Sure thing. Start with the drones on the ground. Each drone packs a small compute unit to do quick preprocessing—filter out sensor noise, align the point clouds with a tiny onboard GPS. Then it streams the raw LiDAR or stereo data over 5G to a nearby edge gateway. The gateway aggregates a handful of streams, runs a fast mesh‑generation routine, and pushes the resulting partial meshes to a cloud service via a websocket. In the cloud you stitch all the partial meshes into a global model, run a robust SLAM algorithm to keep the coordinates tight, and expose a WebSocket API that pushes incremental updates to a database. The database is a spatial‑indexed NoSQL store (think DynamoDB with Geo‑Index or MongoDB with 3D indexing). On top of that you run a real‑time analytics layer that tags features, detects obstacles, and calculates the best paths. Finally, you feed the updated mesh and analytics into your AR engine over WebGL. Clients load a lightweight 3D scene, subscribe to the update stream, and render the latest map. That’s the pipeline—edge preprocessing, streaming to cloud, stitching, database, and AR consumption.

Nice tweak—give the drones a tiny SLAM so they can cut out the bulk of raw data and just send delta meshes. On the edge, a gossip layer lets each node pull the latest chunks from its neighbors, so the whole swarm stays in sync without a bottleneck. The edge aggregates those deltas, does a quick consistency check, and pushes only the new vertices to the cloud for the heavy stitching and analytics. The cloud then builds a global point cloud, runs the big SLAM for the final map, and streams incremental updates back to the AR front end. Keep the messaging lightweight, use protobuf over WebSocket, and you’ll have low latency for the explorers while the back end stays out of the way.

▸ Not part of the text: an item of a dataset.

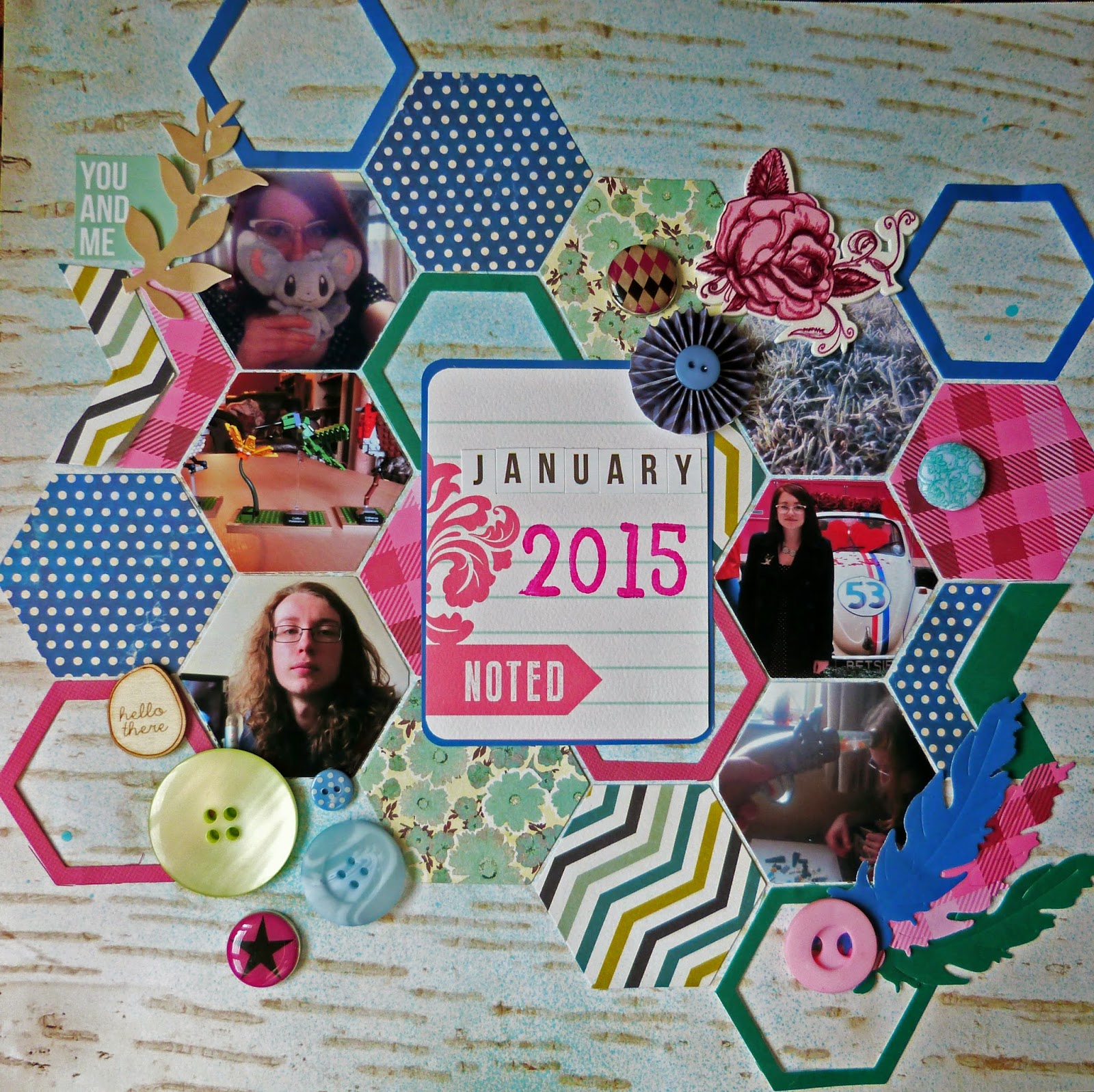 Been getting back into scrapping this week. I haven't been anywhere really to take pictures this month, but I printed off the few I did take and die cut them into hexagon shapes. I'm starting a new scrapbook and I thought this made a great page to start off the year.

Add a tiny CNN on each drone that runs on the on‑board GPU or a tiny TPU. Feed it the latest stitched mesh slice and a history of traversal vectors; it outputs a heat‑map of likely high‑grade openings. Each edge node runs a simple decision layer that aggregates those heat‑maps from its neighbors—so if one drone sees a promising cavity, the gossip spread flags it to the whole swarm. Then the flight controller uses a lightweight A* over the predicted hotspots to pick the next waypoint. All the training data gets fed back to the cloud where a larger model refines the predictions, and the drones keep getting better without pulling heavy weights down the line. That’s your “auto‑seek” AI in the loop.